• **ASSIGNMENT**: The answer is the exact run of lines in the listing below from the line containing "公告显示,仲裁所涉的租赁纠纷" up to and including the line containing "60kg級では、2002年の", with pictures removed.

• **SUPPLIED ENTRIES**:
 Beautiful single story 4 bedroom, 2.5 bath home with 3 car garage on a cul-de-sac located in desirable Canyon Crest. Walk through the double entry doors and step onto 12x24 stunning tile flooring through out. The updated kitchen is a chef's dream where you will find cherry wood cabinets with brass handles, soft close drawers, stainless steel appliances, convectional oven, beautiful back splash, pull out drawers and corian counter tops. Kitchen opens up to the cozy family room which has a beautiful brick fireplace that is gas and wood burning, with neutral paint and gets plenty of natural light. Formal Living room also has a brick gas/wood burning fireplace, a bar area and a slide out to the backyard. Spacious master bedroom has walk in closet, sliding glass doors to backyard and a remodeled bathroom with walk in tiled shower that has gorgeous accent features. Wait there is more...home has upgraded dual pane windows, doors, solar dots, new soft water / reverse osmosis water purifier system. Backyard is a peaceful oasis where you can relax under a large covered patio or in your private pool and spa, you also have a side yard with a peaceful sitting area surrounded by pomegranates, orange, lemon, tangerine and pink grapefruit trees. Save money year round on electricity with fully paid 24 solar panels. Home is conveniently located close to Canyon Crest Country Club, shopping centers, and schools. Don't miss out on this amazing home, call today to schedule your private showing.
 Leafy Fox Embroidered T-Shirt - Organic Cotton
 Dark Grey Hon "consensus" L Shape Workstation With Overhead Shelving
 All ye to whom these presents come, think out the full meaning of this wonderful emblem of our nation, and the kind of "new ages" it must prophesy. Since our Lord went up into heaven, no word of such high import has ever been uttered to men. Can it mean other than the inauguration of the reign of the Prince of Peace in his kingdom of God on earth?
...
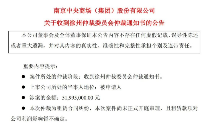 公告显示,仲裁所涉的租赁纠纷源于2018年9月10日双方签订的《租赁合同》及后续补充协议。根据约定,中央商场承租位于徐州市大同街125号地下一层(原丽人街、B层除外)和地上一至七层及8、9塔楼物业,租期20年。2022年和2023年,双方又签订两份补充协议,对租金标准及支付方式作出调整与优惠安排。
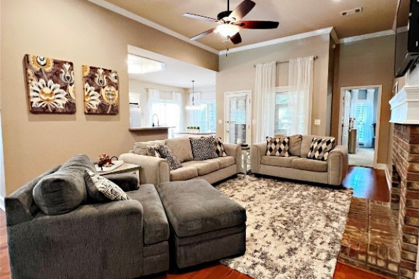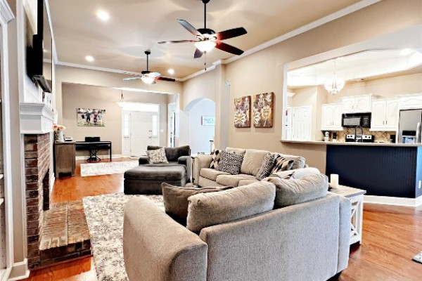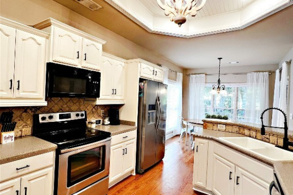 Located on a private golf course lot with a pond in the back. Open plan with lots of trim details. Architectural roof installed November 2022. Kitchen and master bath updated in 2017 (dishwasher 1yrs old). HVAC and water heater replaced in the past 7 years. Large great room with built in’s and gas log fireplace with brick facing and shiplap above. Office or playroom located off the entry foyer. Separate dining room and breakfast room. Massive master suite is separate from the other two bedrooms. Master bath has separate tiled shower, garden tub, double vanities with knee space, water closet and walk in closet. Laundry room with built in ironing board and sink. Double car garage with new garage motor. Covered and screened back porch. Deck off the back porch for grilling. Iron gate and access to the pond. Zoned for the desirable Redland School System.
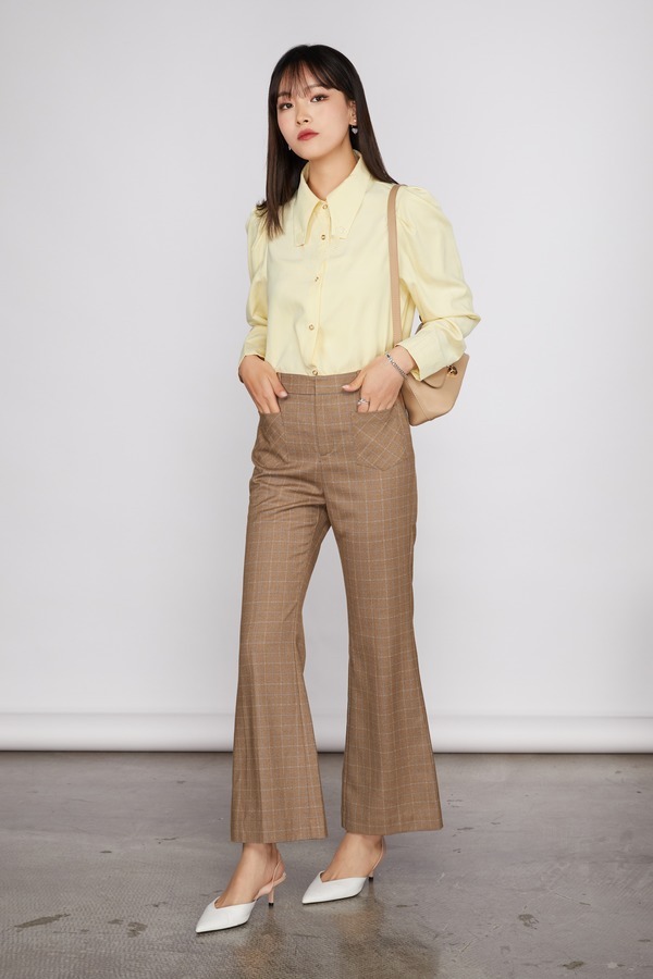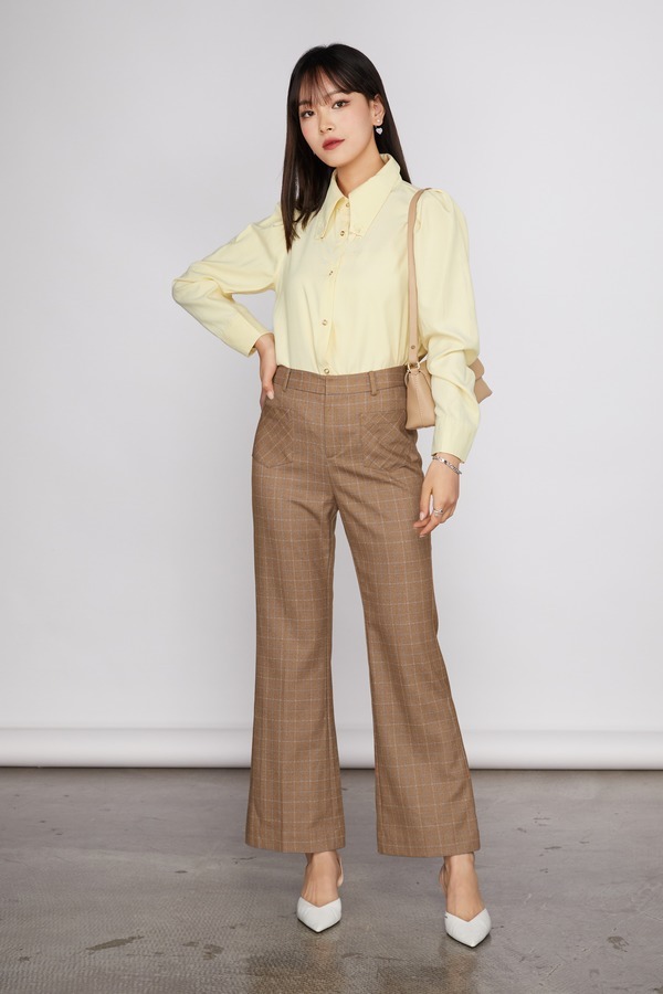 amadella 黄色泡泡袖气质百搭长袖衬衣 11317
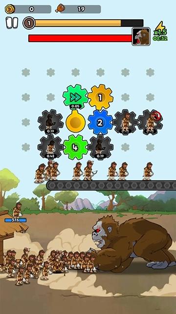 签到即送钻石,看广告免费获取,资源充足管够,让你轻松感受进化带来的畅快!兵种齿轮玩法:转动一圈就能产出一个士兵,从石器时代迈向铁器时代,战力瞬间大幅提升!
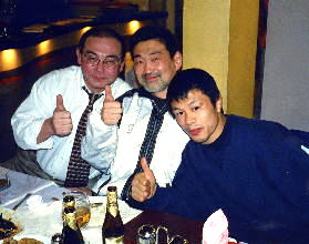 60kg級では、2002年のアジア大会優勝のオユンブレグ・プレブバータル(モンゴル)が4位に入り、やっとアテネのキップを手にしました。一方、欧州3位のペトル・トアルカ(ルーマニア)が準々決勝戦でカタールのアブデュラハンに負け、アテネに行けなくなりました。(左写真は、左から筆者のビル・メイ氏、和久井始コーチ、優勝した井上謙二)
...
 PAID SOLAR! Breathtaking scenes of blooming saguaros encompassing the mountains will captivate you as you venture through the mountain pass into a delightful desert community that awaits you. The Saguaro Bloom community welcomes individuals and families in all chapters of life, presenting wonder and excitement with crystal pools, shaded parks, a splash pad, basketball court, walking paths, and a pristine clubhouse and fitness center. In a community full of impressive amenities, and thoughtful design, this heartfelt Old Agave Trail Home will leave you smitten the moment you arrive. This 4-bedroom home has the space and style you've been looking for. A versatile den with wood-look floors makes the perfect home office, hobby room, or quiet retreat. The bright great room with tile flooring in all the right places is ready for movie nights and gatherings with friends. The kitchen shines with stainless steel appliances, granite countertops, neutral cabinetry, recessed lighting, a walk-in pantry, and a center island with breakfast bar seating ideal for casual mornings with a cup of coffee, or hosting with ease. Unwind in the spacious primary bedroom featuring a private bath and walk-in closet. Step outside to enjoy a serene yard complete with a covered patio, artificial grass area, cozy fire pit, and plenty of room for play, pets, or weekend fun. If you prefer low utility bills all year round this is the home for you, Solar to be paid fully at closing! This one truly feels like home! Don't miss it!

• **EXERCISE SOLUTION**:
 公告显示,仲裁所涉的租赁纠纷源于2018年9月10日双方签订的《租赁合同》及后续补充协议。根据约定,中央商场承租位于徐州市大同街125号地下一层(原丽人街、B层除外)和地上一至七层及8、9塔楼物业,租期20年。2022年和2023年,双方又签订两份补充协议,对租金标准及支付方式作出调整与优惠安排。
 Located on a private golf course lot with a pond in the back. Open plan with lots of trim details. Architectural roof installed November 2022. Kitchen and master bath updated in 2017 (dishwasher 1yrs old). HVAC and water heater replaced in the past 7 years. Large great room with built in’s and gas log fireplace with brick facing and shiplap above. Office or playroom located off the entry foyer. Separate dining room and breakfast room. Massive master suite is separate from the other two bedrooms. Master bath has separate tiled shower, garden tub, double vanities with knee space, water closet and walk in closet. Laundry room with built in ironing board and sink. Double car garage with new garage motor. Covered and screened back porch. Deck off the back porch for grilling. Iron gate and access to the pond. Zoned for the desirable Redland School System.
 amadella 黄色泡泡袖气质百搭长袖衬衣 11317
 签到即送钻石,看广告免费获取,资源充足管够,让你轻松感受进化带来的畅快!兵种齿轮玩法:转动一圈就能产出一个士兵,从石器时代迈向铁器时代,战力瞬间大幅提升!
 60kg級では、2002年のアジア大会優勝のオユンブレグ・プレブバータル(モンゴル)が4位に入り、やっとアテネのキップを手にしました。一方、欧州3位のペトル・トアルカ(ルーマニア)が準々決勝戦でカタールのアブデュラハンに負け、アテネに行けなくなりました。(左写真は、左から筆者のビル・メイ氏、和久井始コーチ、優勝した井上謙二)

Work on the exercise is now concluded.